In America
- The front cover is illustrated by the ca. 1862 photograph Woman Seen from the Back.
- Author: Susan Sontag
- Language: English
- Publication date: 1999
- Media type: Print (hardcover and paperback)

= In America (novel) =

1999 novel by Susan Sontag

In America is a 1999 novel by Susan Sontag. It won the U.S. National Book Award for Fiction. It is based on the true story of Polish actress Helena Modjeska (called Maryna Zalewska in the book), her arrival in California in 1876, and her ascendancy to American stardom.

==Alleged plagiarism==
Sontag was accused of plagiarism by Ellen Lee, who discovered at least twelve passages in the 387-page book that were similar to passages in four other books about Modjeska, including My Mortal Enemy, a novel by Willa Cather. (Cather wrote: "When Oswald asked her to propose a toast, she put out her long arm, lifted her glass, and looking into the blur of the candlelight with a grave face, said: 'To my coun-n-try!'" Sontag wrote, "When asked to propose a toast, she put out her long arm, lifted her glass, and looking into the blur of the candlelight, crooned, 'To my new country!'" "Country," muttered Miss Collingridge. "Not 'coun-n-try.'")

The quotations were presented without credit or attribution. Sontag said about using the passages, "All of us who deal with real characters in history transcribe and adopt original sources in the original domain. I've used these sources and I've completely transformed them. I have these books. I've looked at these books. There's a larger argument to be made that all of literature is a series of references and allusions."

==Reception==
In America has been praised by literary critics. Publishers Weekly wrote, "As she did in The Volcano Lover, Sontag crafts a novel of ideas in which real figures from the past enact their lives against an assiduously researched, almost cinematically vivid background.
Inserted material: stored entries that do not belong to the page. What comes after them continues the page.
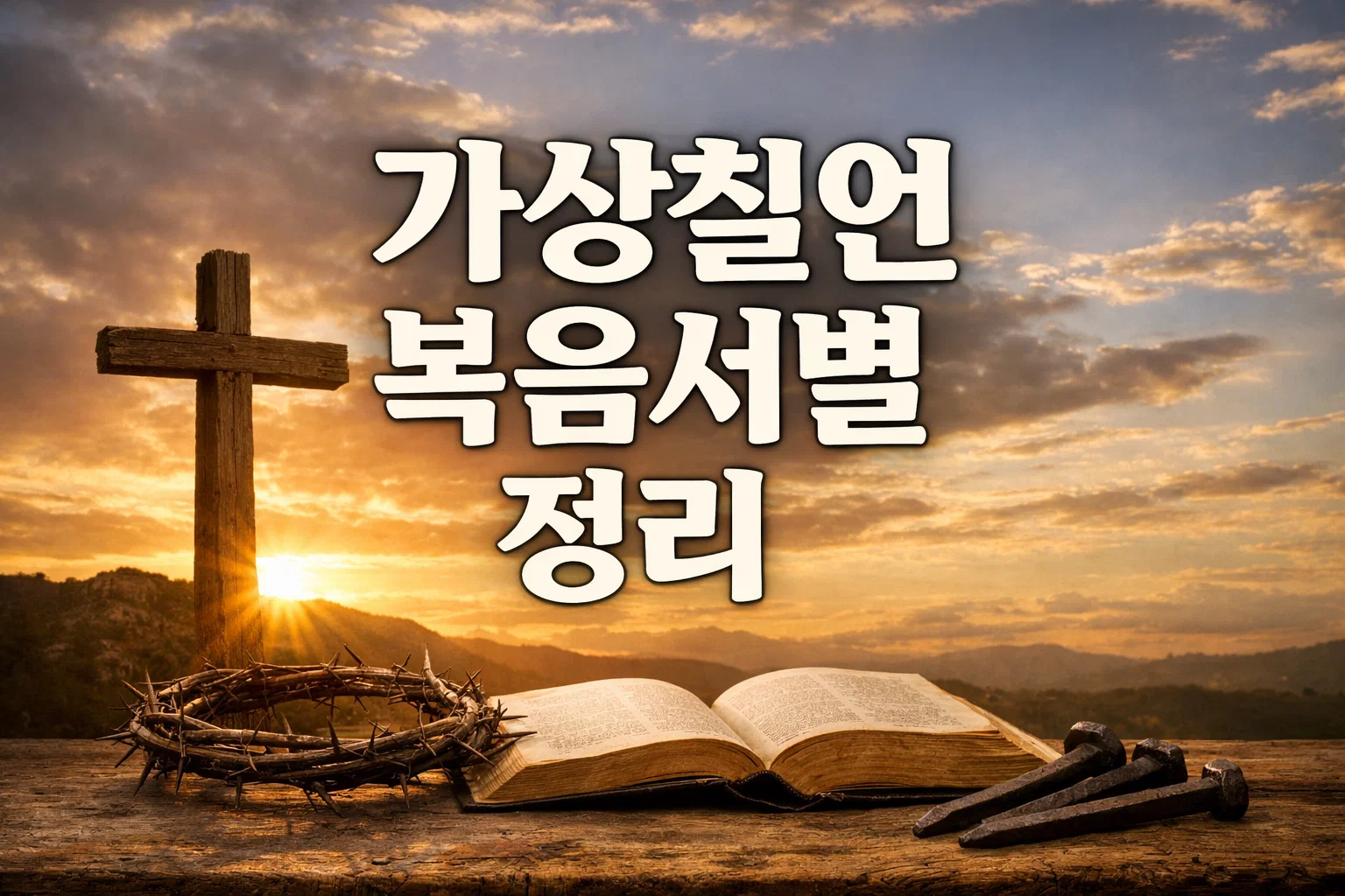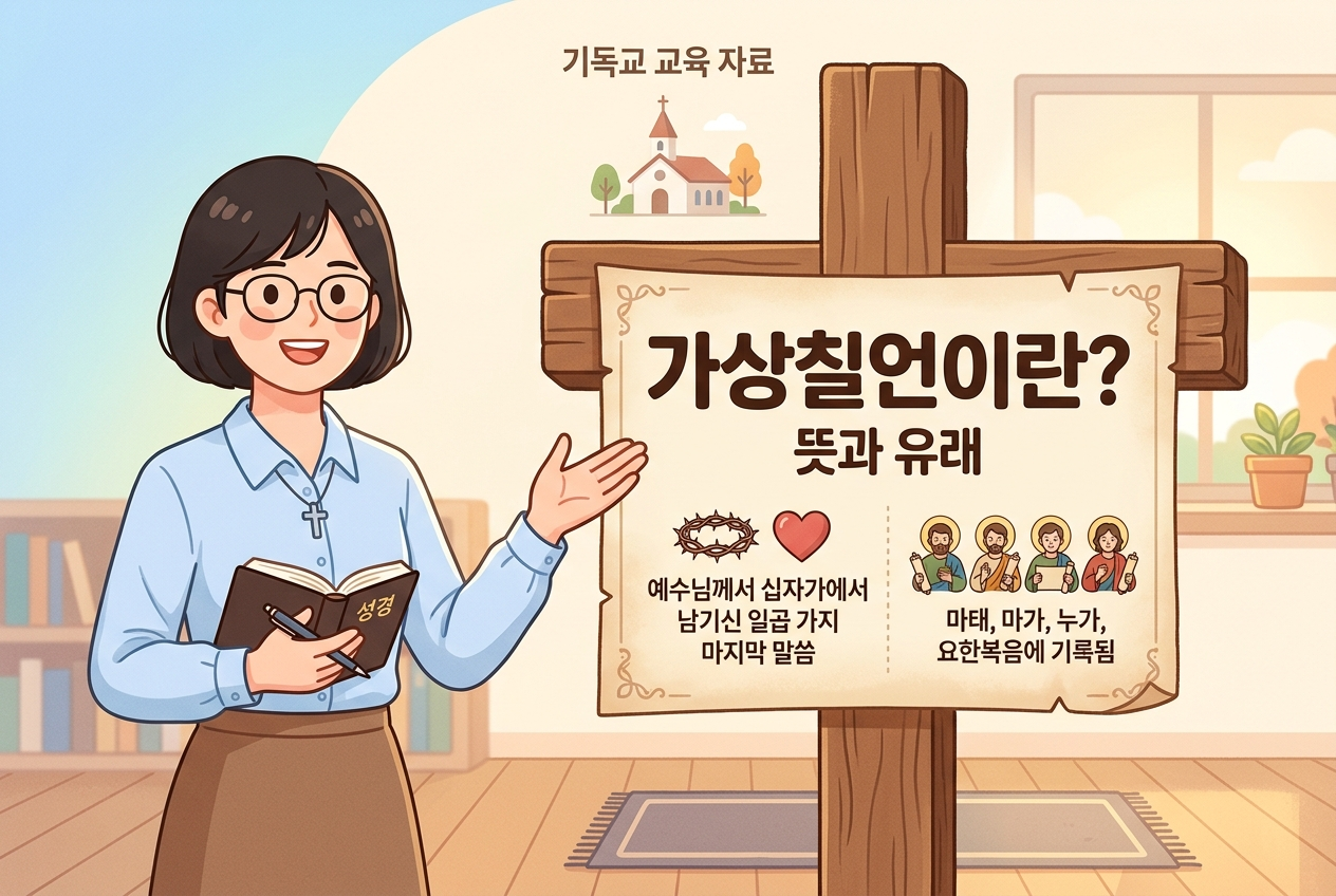 예수님이 십자가 위에서 남기신 마지막 일곱 말씀, 가상칠언은 고난주간마다 많은 분들이 묵상하는 핵심 말씀이에요. 그런데 이 일곱 말씀이 어느 복음서에 기록되어 있는지, 각 복음서마다 왜 다른 말씀을 담았는지 정확히 아시는 분은 많지 않습니다. 이 글에서는 가상칠언의 뜻부터 복음서별 비교표, 신학적 의미, 그리고 묵상 가이드까지 한 번에 정리해 드릴게요.
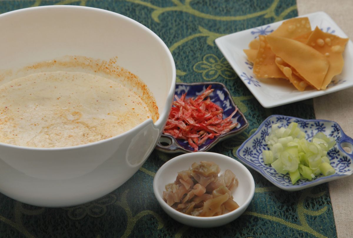 時間に余裕があるときは、好みのトッピングを用意してみましょう。 台湾では油条という揚げパンを添えたりしますが、今回はワンタンの皮を揚げたものを添えて、クリスピーな食感をプラスしました。その他、干しエビ、ザーサイ、ネギなどを揃えて、いかにも台湾な感じを楽しんでみました。
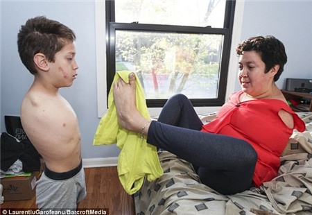 Dù mắc dị tật không có tay nhưng hai mẹ con cô Linda, bé Timmy vẫn sử
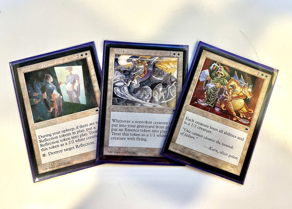 I also realized I needed something to make White more exciting and appealing. I thought balance-wise, it was actually okay. But it didn’t have the splashy effects that pulls people into a specific direction, so I added some strong enchantments from white that I always loved. Humility in particular is very iconic, but previously hadn’t really filled a role in the cube. With these, I was able to lean in more to the “tokens” theme with white and added Pegasus Stampede. It’s a classic theme for white for old school and a different angle of attack than many of the rest of the cards in the cube. I did skip Orim’s Prayer after a long debate with a friend. It’s great and a classic combo with Humility of course, but I felt it didn’t do enough on its own to warrant the spot.
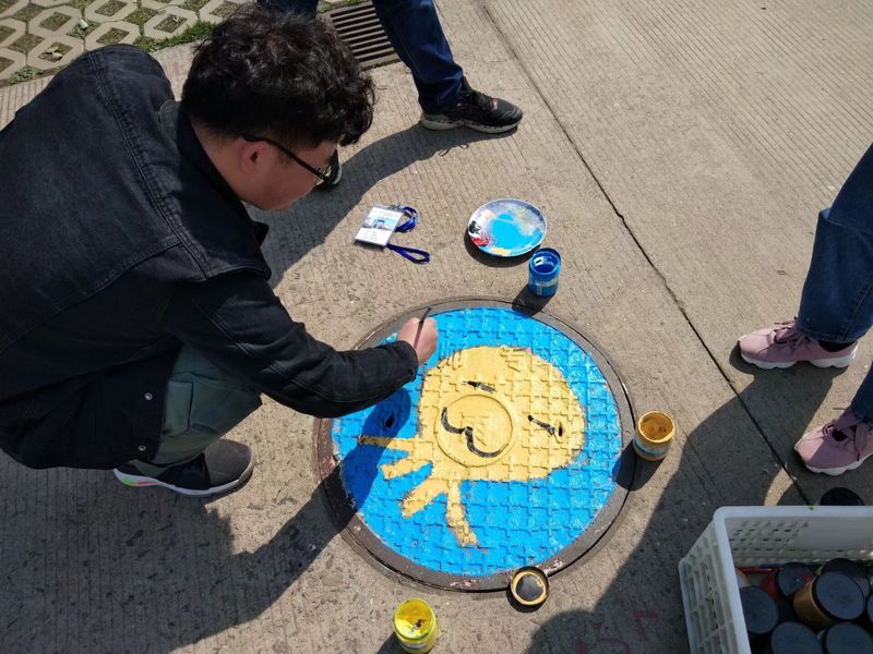 为进一步美化校园环境,丰富课余生活,让黑漆漆、冷冰冰的井盖生动有趣起来。3月14日,教师教育系(基础部)开展了“缤纷校园”井盖彩绘活动。
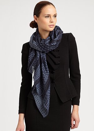 A semi-sheer, lightweight style in a burnout design with reptile print and eyelash fringe.
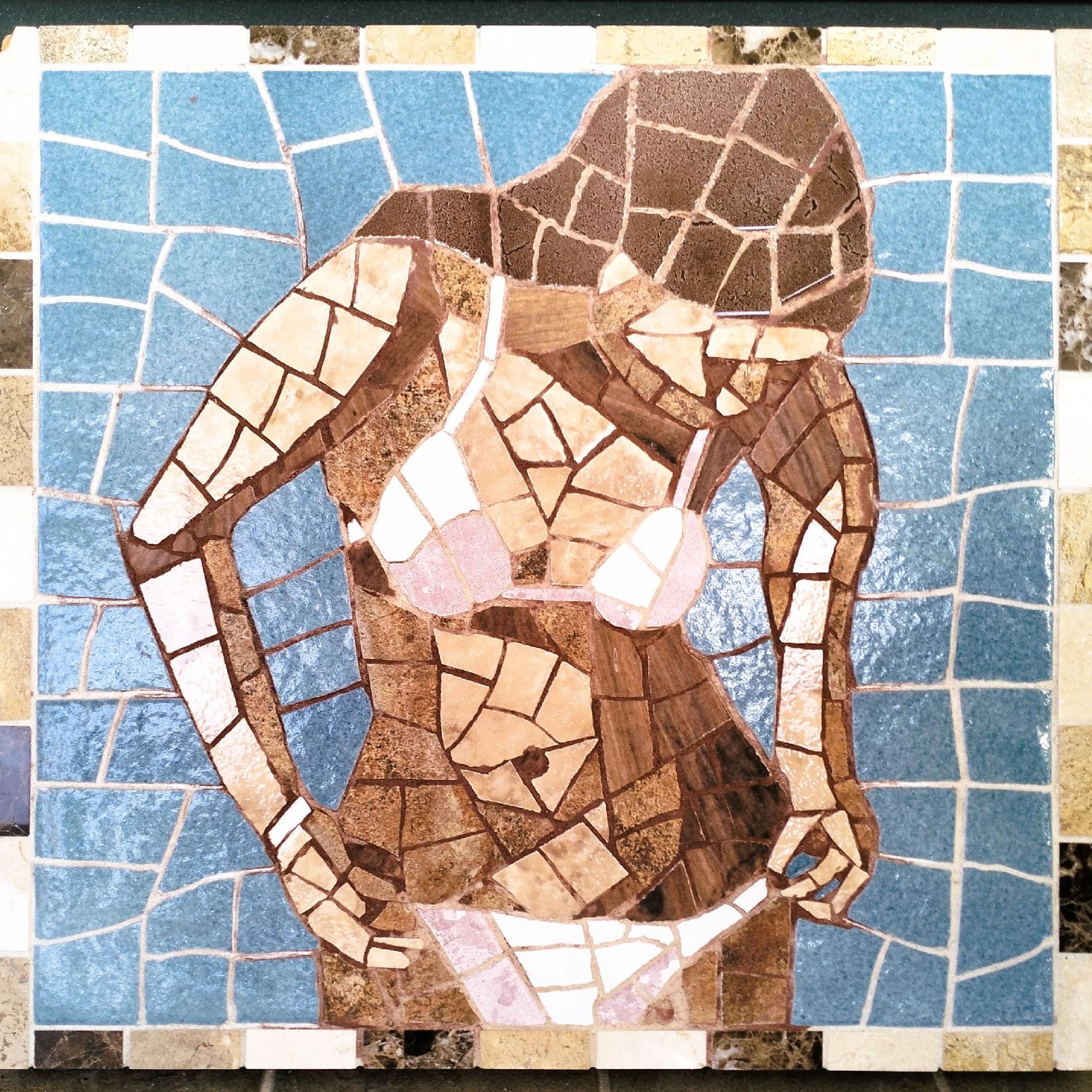 Quadro in mosaico di ceramica di una donna che si mette il bikini
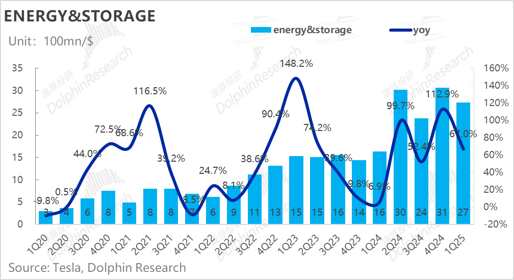 但由于美国关税不确定性对储能这块业务影响相对较大(关税对于能源业务的冲击相比汽车业务更为显著),因特斯拉从宁德时代采购LFP电池电芯,受关税影响大。虽然特斯拉正在美国调试设备进行本地生产,但现有设备仅能满足小部分需求,也在寻求非中国供应商,不过尚需时间。
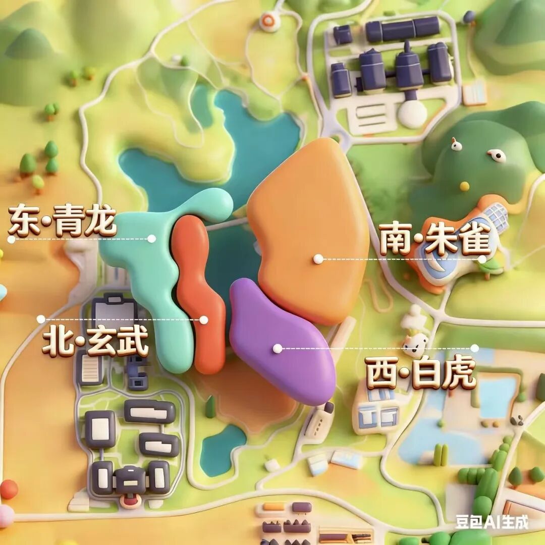 💡小编建议游览动线:南·朱雀(入园开篇)→西·白虎(互动非遗)→北·玄武(静谧赏景)→东·青龙(压轴收尾),全程2-3小时,新手直接抄作业,不用瞎逛!
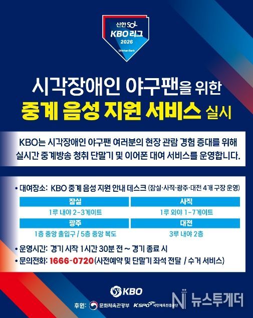 뉴스투게더 윤종우 기자 | KBO는 2023년부터 잠실, 사직, 광주 구장에서 운영해 온 ‘KBO 리그 시각장애인 현장 관람객 대상 중계 음성 지원 서비스’를 올해 대전 한화생명 볼파크까지 확대해 총 4개 구장에서 운영한다.
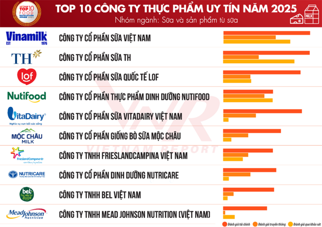 Ông Vũ Đăng Vinh cho biết thêm, tháng 10/2025, tại Hà Nội, Vietnam Report sẽ tổ chức Lễ tôn vinh các doanh nghiệp tiêu biểu và Top 10 Công ty uy tín ngành Thực phẩm - Đồ uống năm 2025. Theo đó, đứng dầu danh sách là Công ty cổ phần Sữa Việt Nam, Công ty cổ phần Sữa TH, Công ty cổ phần Sữa quốc tế LOF, Công ty cổ phần thực phẩm dinh dưỡng Nutifood, Công ty cổ phần Sữa Vitadairy Việt Nam, Công ty cổ phần Giống bò sữa Mộc Châu, Công ty TNHH Frieslandcampina Việt Nam, Công ty cổ phần dinh dưỡng Nutricare, Công ty TNHH BEL Việt Nam, Công ty TNHH Mead Johnson Nutrition (Việt Nam).
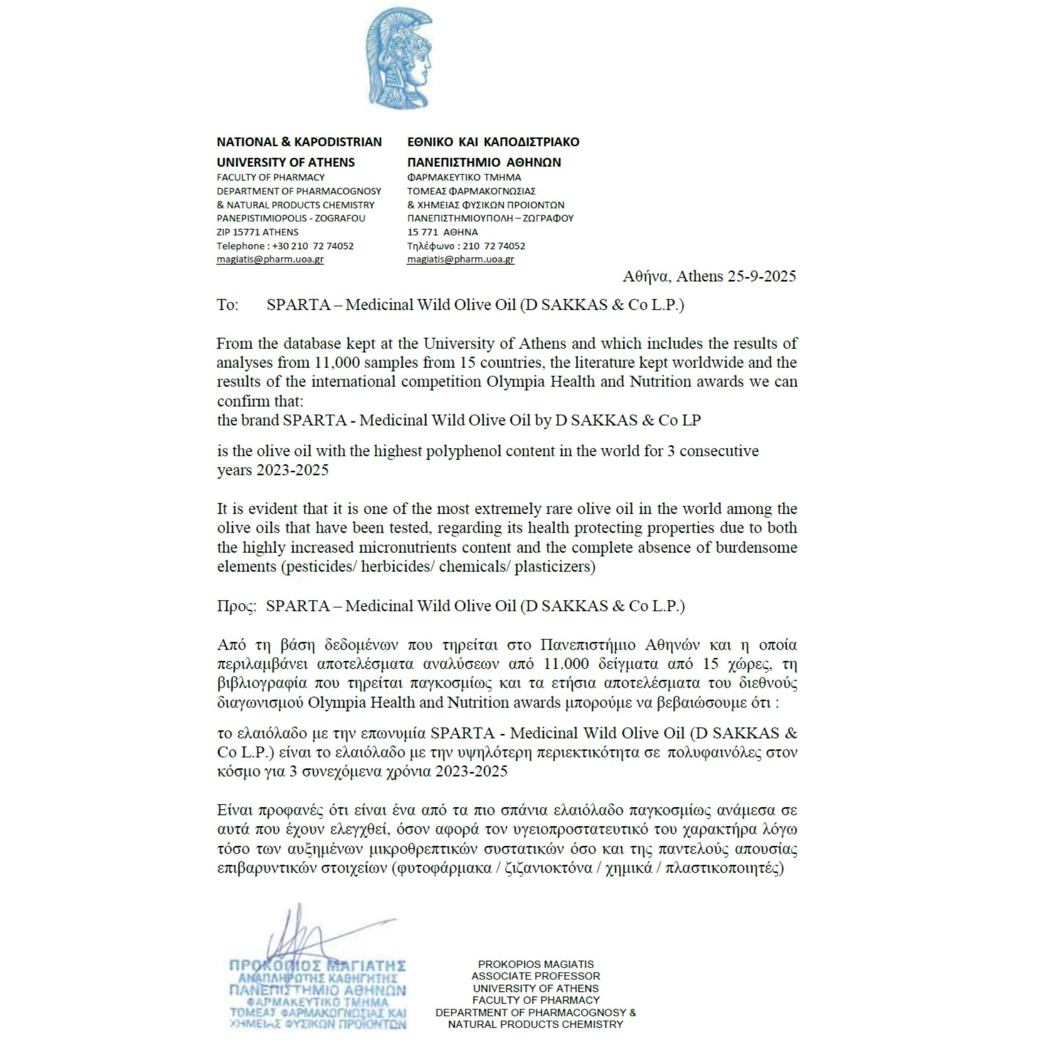 - University of Athens – Faculty of Pharmacy: confirmation of the highest polyphenol content (2025)

Here again her signal achievement is to offer fresh and insightful commentary on the social and cultural currents of an age, with a distinctive understanding of how historical events forged character and destiny." Sarah Kerr of The New York Times gave the book modest praise, writing, "Almost but not quite as lively as in The Volcano Lover, Sontag's prose here is lithe, playful: in spite of the listless plot, this book has flow. Indeed, In America reads so smoothly that one could almost accuse Sontag of placing too few demands on her readers. Stimulating ideas, as usual, lurk around every corner. But they tend to arrive pre-interpreted." She added, "Sentence by sentence, scene to scene, the writing in In America is utterly nimble. It's the ideas, somehow, that lag behind."

John Sutherland of The Guardian was more critical, however, remarking, "Let's face it: if this was a first novel by a literary unknown it would have been lucky to make it into print. What makes In America an object of interest is less its page-turning readability than its significance as the latest move in Susan Sontag's brilliant career."